Now, we need to train our model over that data. For this, we will use Flux.train function, this is a powerful tool from Flux, where you can iterate over your dataset and update the Loss function. Here is an example of how to use it and sample the model to a future.

现在,我们需要对数据进行训练。 为此,我们将使用Flux.train函数,这是Flux提供的功能强大的工具,您可以在其中迭代数据集并更新Loss函数。 这是一个如何使用它以及将模型应用于未来的示例。

@info("Beginning training loop...")
best_acc = 0.0
last_improvement = 0
for epoch_idx in 1:200

global best_acc, last_improvement
Flux.train!(Loss, params(model), train_set_full, opt)

# Calculate accuracy:
acc = sum(prediction(i) == test_label[i] for i in 1:length(test_label))/length(test_label)
@info(@sprintf("[%d]: Test accuracy: %.4f", epoch_idx, acc))

# If our accuracy is good enough, quit out.
if acc >= 0.999
@info(" -> Early-exiting: We reached our target accuracy of 99.9%")
break
end

# If this is the best accuracy we've seen so far, save the model out
if acc >= best_acc
@info(" -> New best accuracy! Saving model out to mnist_conv.bson")
BSON.@save "mnist_conv.bson" model epoch_idx acc
best_acc = acc
last_improvement = epoch_idx
end

# If we haven't seen improvement in 5 epochs, drop our learning rate:
if epoch_idx - last_improvement >= 5 && opt.eta > 1e-6
opt.eta /= 10.0
@warn(" -> Haven't improved in a while, dropping learning rate to $(opt.eta)!")

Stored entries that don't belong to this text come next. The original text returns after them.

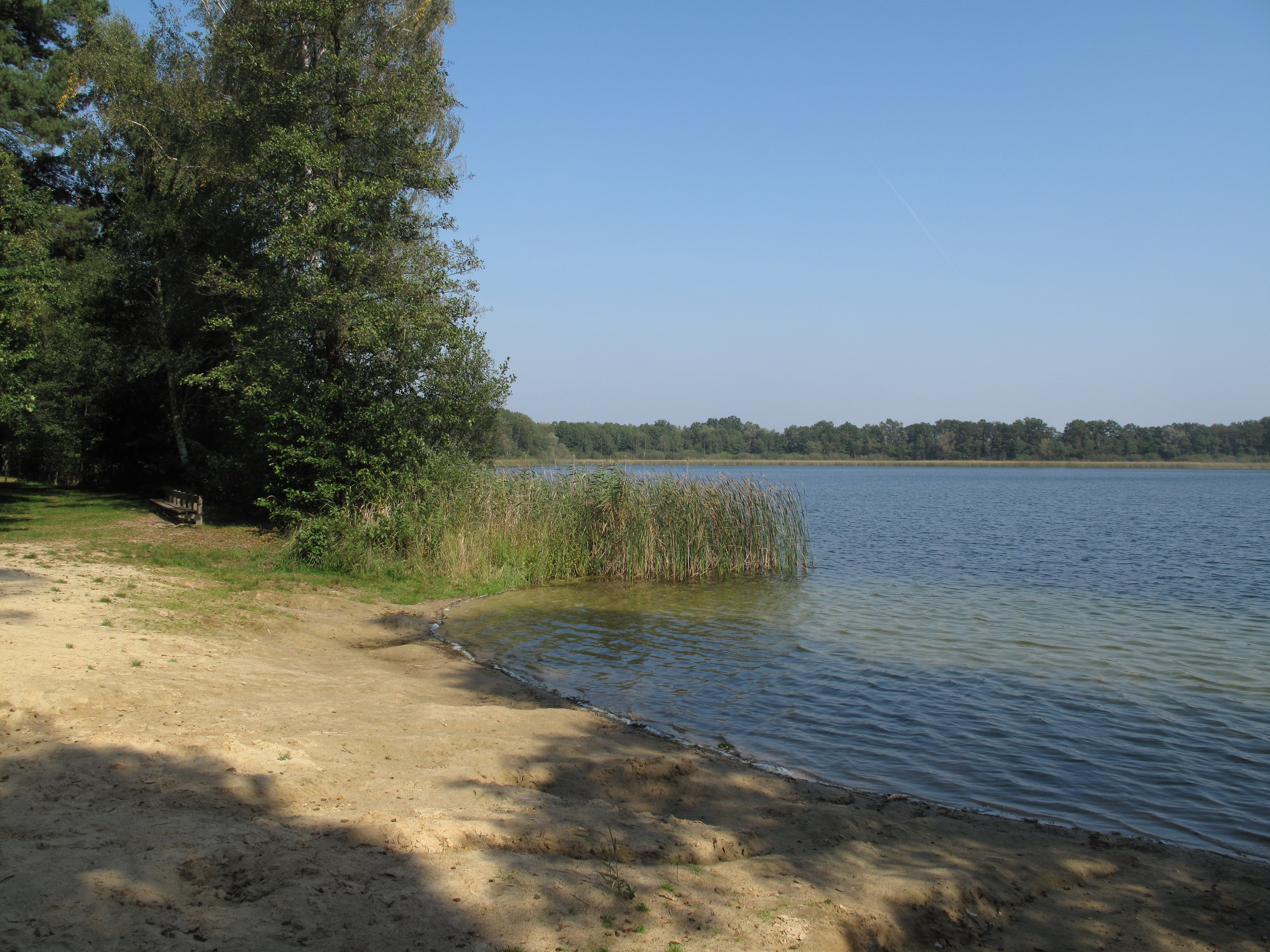 View over the Ranziger See from the western shore to the northeast. The Ranziger See is a lake in in the village Ranzig, a part (german: Ortsteil) of the municipality Tauche in the District Oder-Spree, Brandenburg, Germany. The lake covers 36 hectare and has a depth of max. twelve meters. The village centre of Ranzig is situated on the northwestern shore.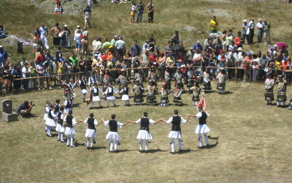 It is a picture that I have taken.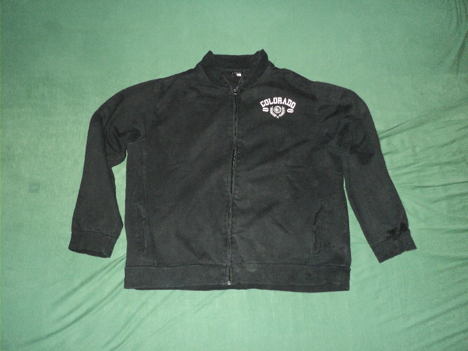 sweatjacket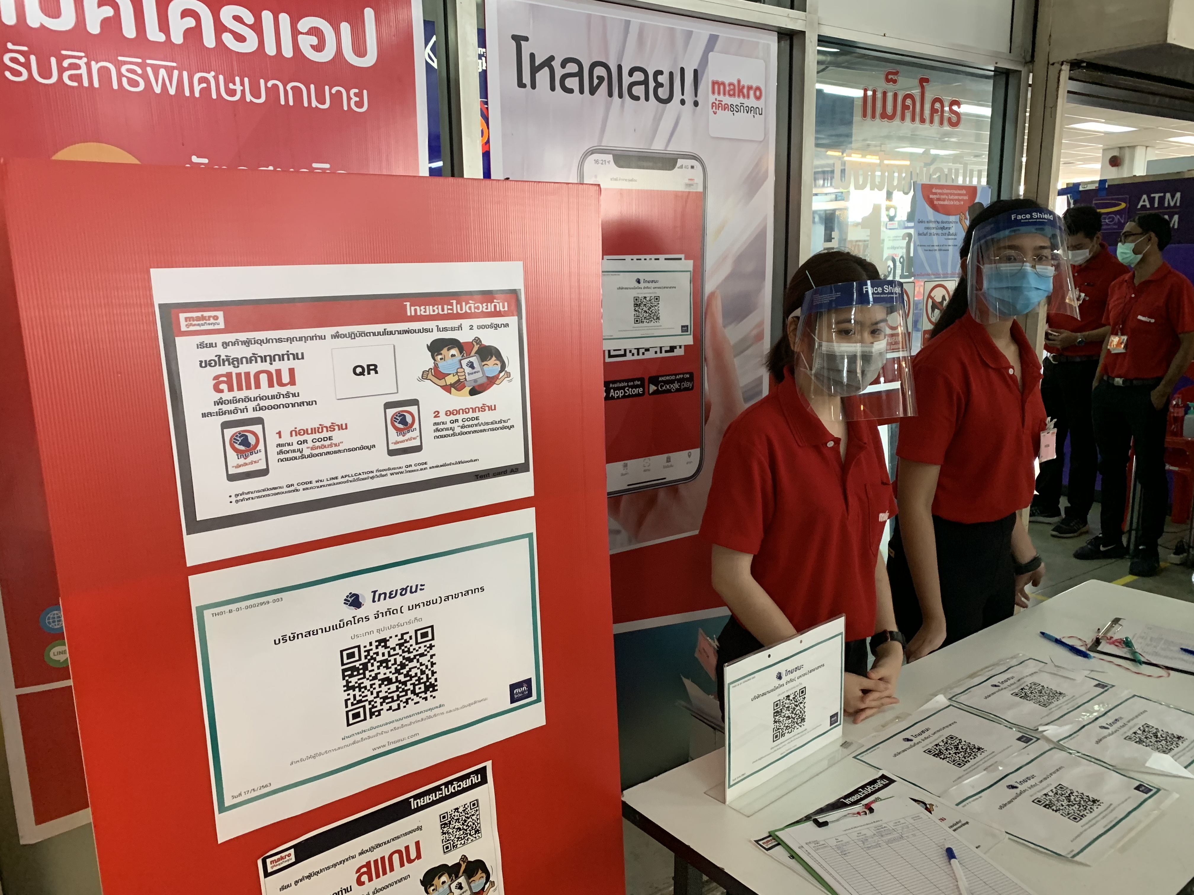 A supermarket in Bangkok requires customers to scan a QR code prior to entering the place. The staffs are also wearing a face shield. These are some of the policies dealing with COVID-19 in Bangkok, Thailand.

# After dropping learning rate, give it a few epochs to improve
last_improvement = epoch_idx
end

if epoch_idx - last_improvement >= 10
@warn(" -> We're calling this converged.")
break
end
end

After running the cell above, we can see the messages:

运行完上面的单元格后,我们可以看到以下消息:

┌ Info: [30]: Test accuracy: 0.5057
└ @ Main In[91]:13
┌ Info: [31]: Test accuracy: 0.5057
└ @ Main In[91]:13
┌ Info: [32]: Test accuracy: 0.5057
└ @ Main In[91]:13
┌ Info: [33]: Test accuracy: 0.5056
└ @ Main In[91]:13
┌ Info: [34]: Test accuracy: 0.5056
└ @ Main In[91]:13
┌ Info: [35]: Test accuracy: 0.5056
└ @ Main In[91]:13
┌ Info: [36]: Test accuracy: 0.5056
└ @ Main In[91]:13
┌ Warning: -> We're calling this converged.
└ @ Main In[91]:39

结论 (Conclusion)

This post focus in create a basic sentiment model and how to do it step by step. The best result I got so far was only 0.51 accuracy, but there are a lot of improvements to do in pre-preprocessing, chance the model, use bi-directional LSTM. Even use more data for the Sentiment dataset in the beginning.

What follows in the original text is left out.